RECORDS FOR THIS TASK -
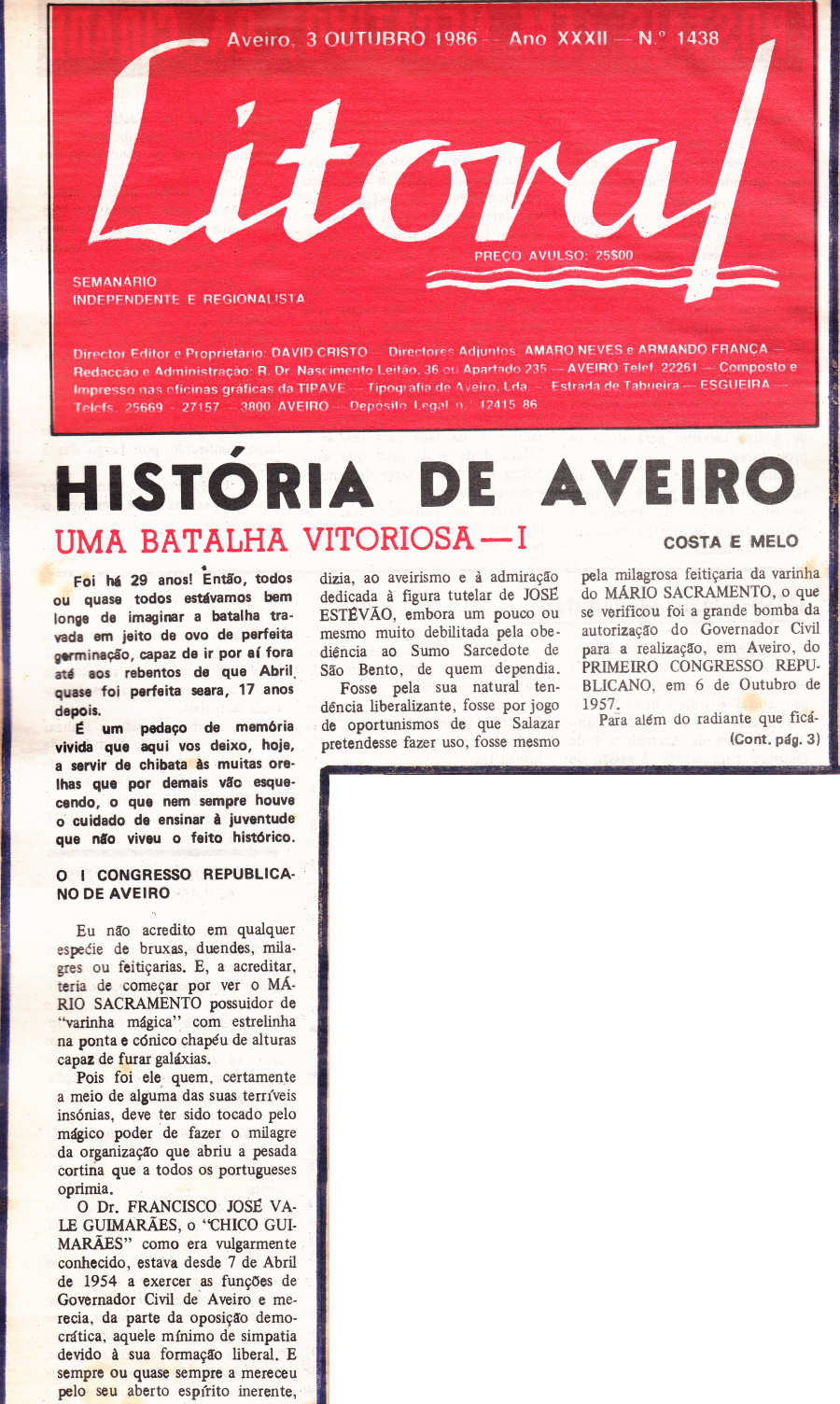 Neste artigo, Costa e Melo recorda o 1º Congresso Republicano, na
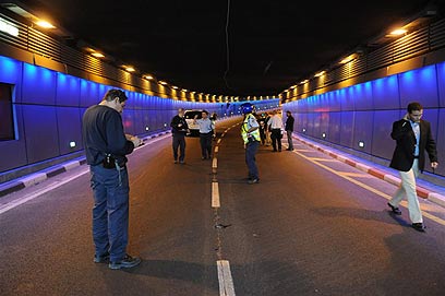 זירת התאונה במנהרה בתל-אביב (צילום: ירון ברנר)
---
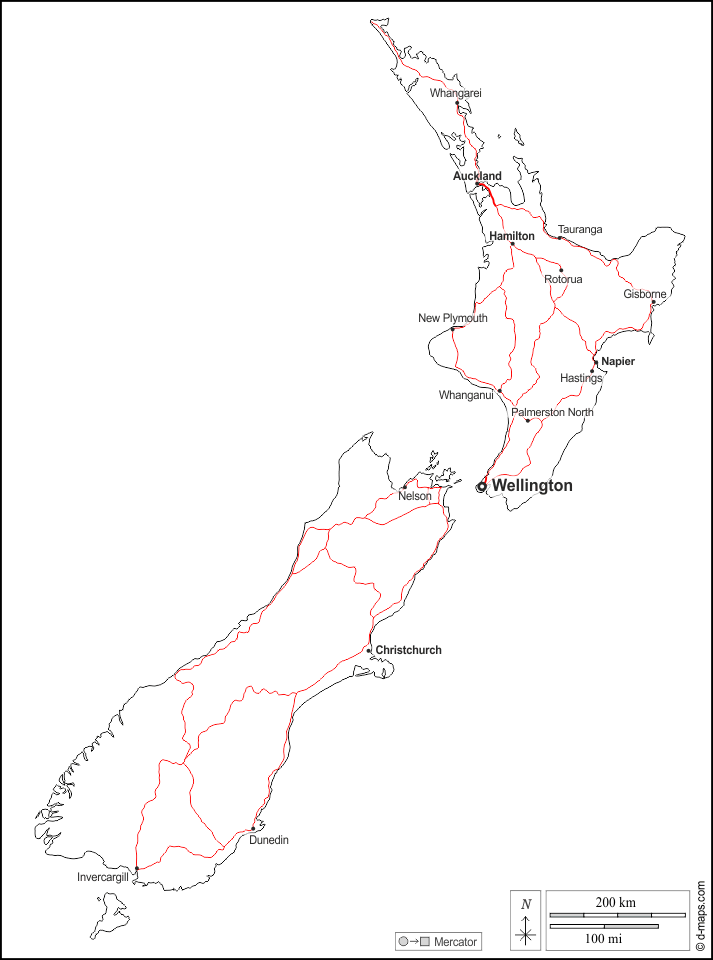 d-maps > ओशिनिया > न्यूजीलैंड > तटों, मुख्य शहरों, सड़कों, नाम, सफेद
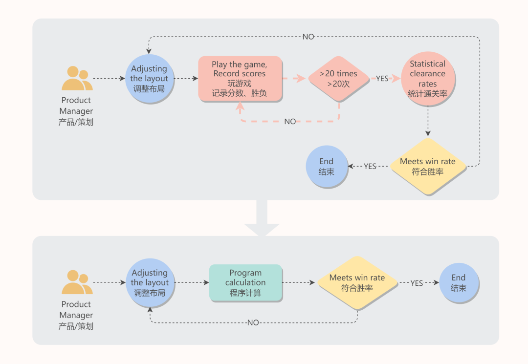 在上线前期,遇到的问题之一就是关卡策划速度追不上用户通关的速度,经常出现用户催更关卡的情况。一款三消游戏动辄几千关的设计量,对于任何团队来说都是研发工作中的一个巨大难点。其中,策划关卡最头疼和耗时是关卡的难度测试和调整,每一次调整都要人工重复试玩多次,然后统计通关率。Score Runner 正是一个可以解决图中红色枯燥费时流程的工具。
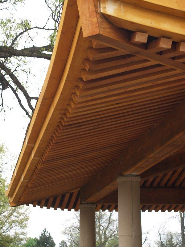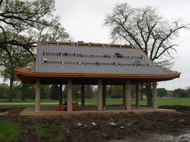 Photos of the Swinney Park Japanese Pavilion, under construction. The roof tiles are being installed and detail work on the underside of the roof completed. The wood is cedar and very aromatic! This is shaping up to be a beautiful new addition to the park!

PROBLEM TO WORK ON - In the listing above, find the line with "Neste artigo, Costa" and the line with "זירת התאונה במנהרה". Set down both and every line between them, minus the pictures.

TASK ANSWER -
 Neste artigo, Costa e Melo recorda o 1º Congresso Republicano, na
 זירת התאונה במנהרה בתל-אביב (צילום: ירון ברנר)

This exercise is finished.